BGP FlowSpec

Danny McPherson danny at tcb.net
Mon May 2 16:25:34 UTC 2016



On 2016-05-02 09:16 AM, Martin Bacher wrote:

> I mainly agree on that. However, I have not found evidence of inter-AS
> S-RTBH deployments as of now. This would really require, at least in
> my understanding, a lot of hacks in order to implement it properly and
> avoid blackholing of the wrong traffic. BGP-FS is clearly doing a
> better job in that area. However, Tier 1s and most probably also some
> of the Tier 2s may not want to offer it to customers because they are
> loosing money if less traffic is sent downstream on IP-Transit links.

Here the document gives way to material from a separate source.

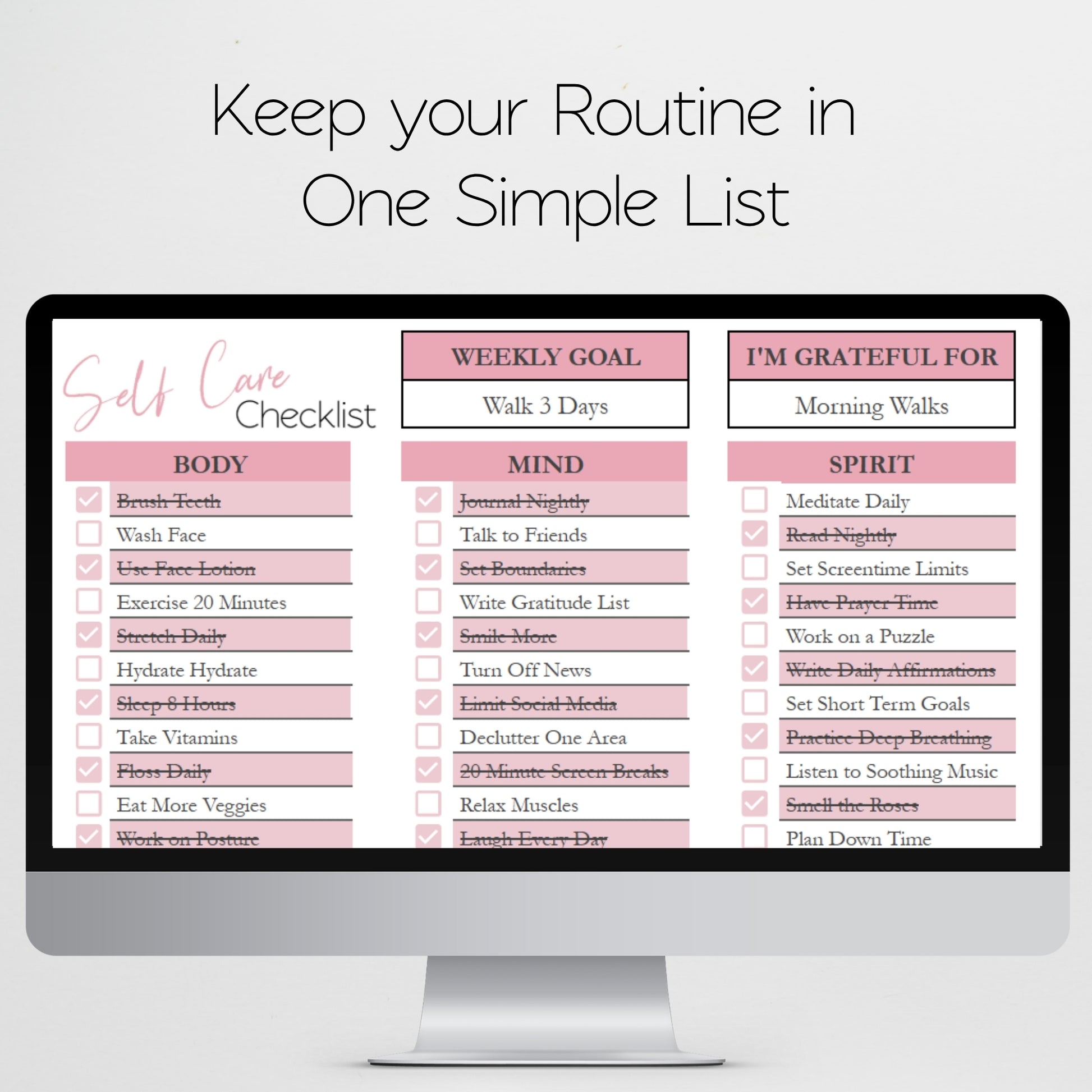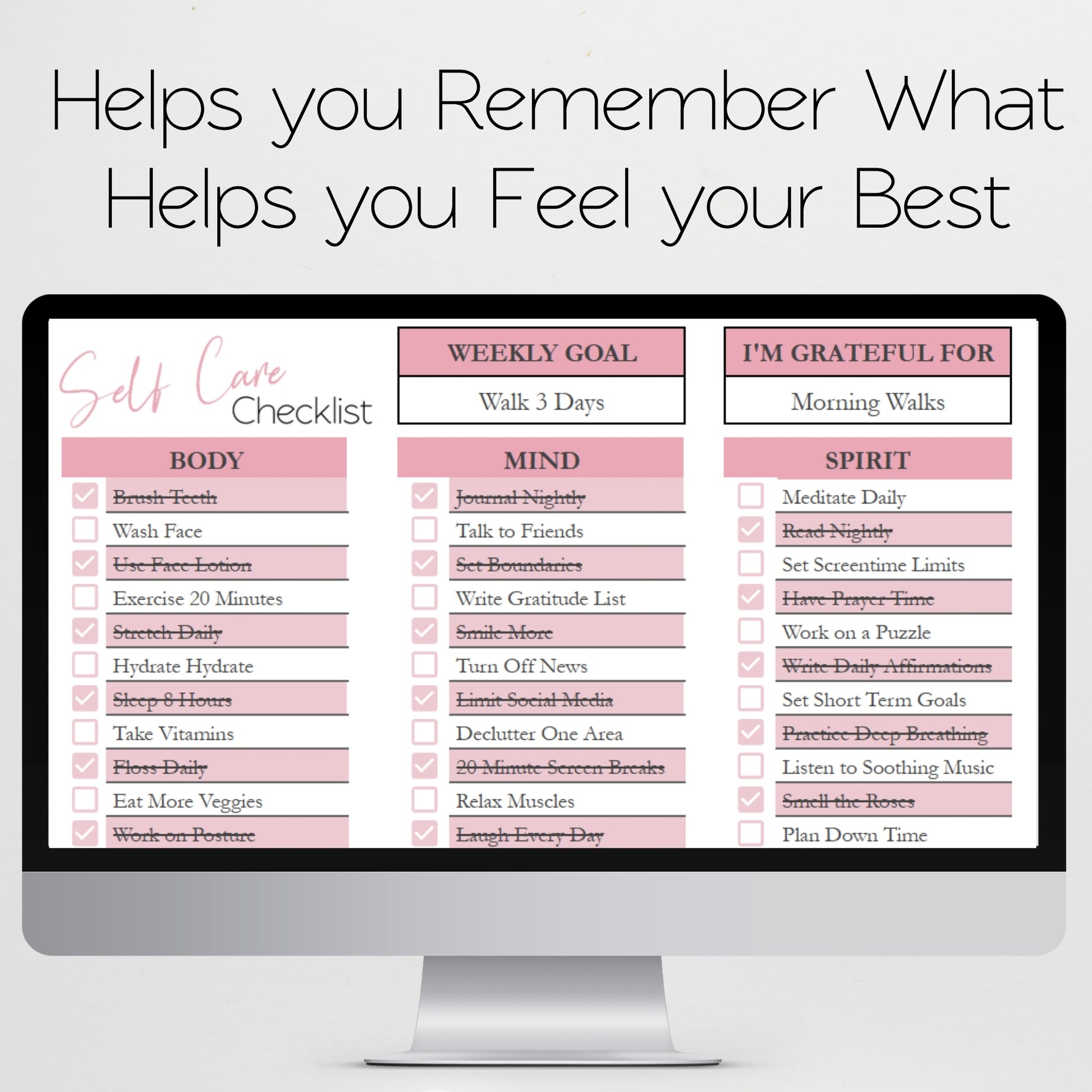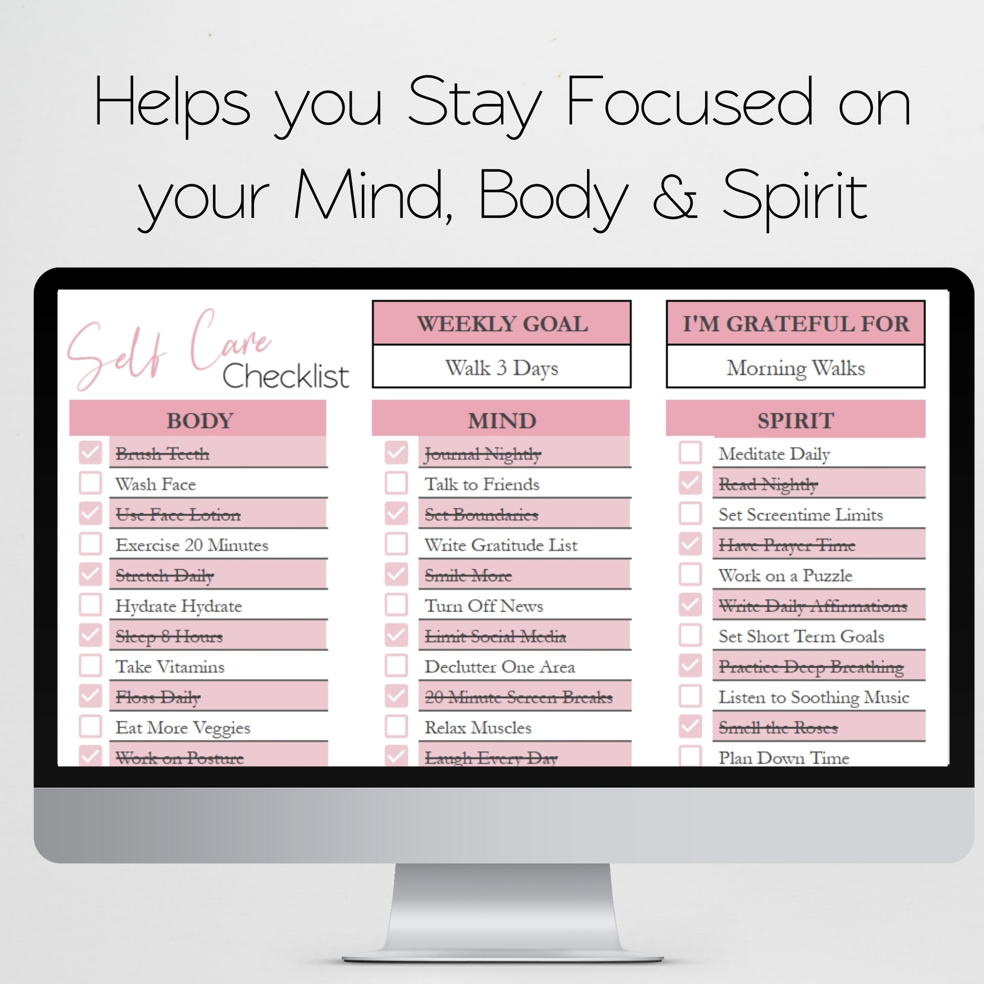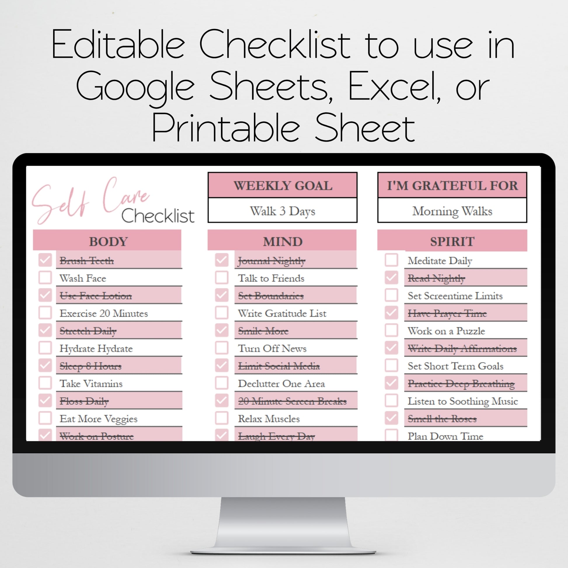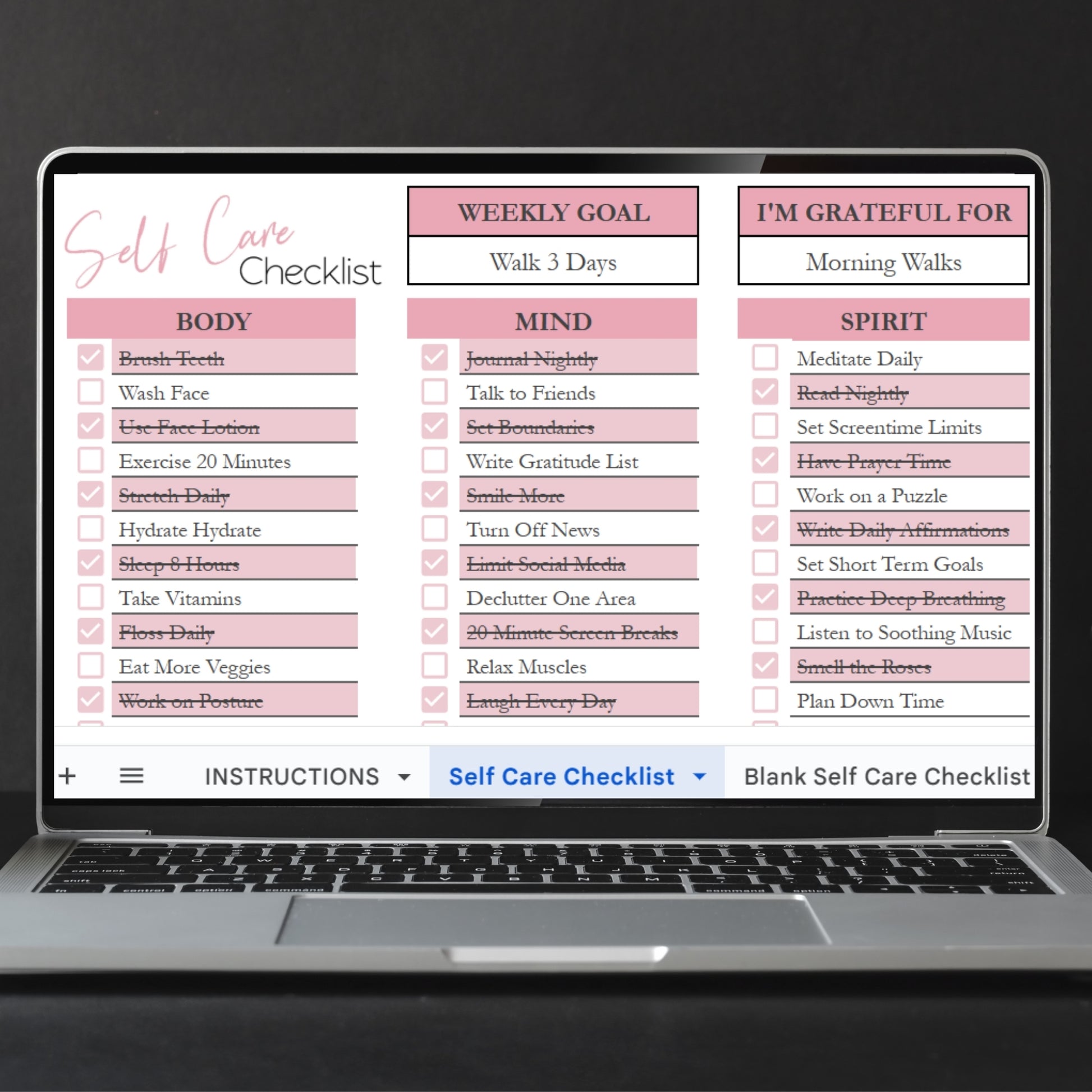 Self Care Checklist Template for Google Sheets and Excel Spreadsheet

While possibly true in an small number of circumstance, I think that's a 
fairly naive view of the issue.  That said, preventing collateral damage 
on the trajectory towards network egress was one of the primary drivers 
for destination-based RTBH (sacrifice the target to save the lot).


> Great. Thanks for sharing that. One must just make sure that the tools
> are used properly. High volume attacks can easily mitigated in many
> cases with BGP-FS while while other attacks like low bandwidth TCP
> attacks will have to be mitigated by scrubbing centers.

Even some of those can be mitigated with network and transport layer 
controls, but certainly, there are places where you need application 
layer "scrubbing".

> @SDN/NFV: I am not so sure if this will really help or make things
> just more complicated. I have just been told that people are working
> on netconf/yang solutions for ACL deployments, which may again only
> work for intra-AS deployments. But your comment is going, at least in
> my understand, beyond ACL deployments, right? Could you please
> elaborate a bit further on that.

All these techniques (from ACLs to BGP* to SDN) are all effectively 
about programming the forwarding path, albeit with more and more 
granularity, it's just a matter of where and what the management/control 
plane is.  I agree with your intra-AS comment.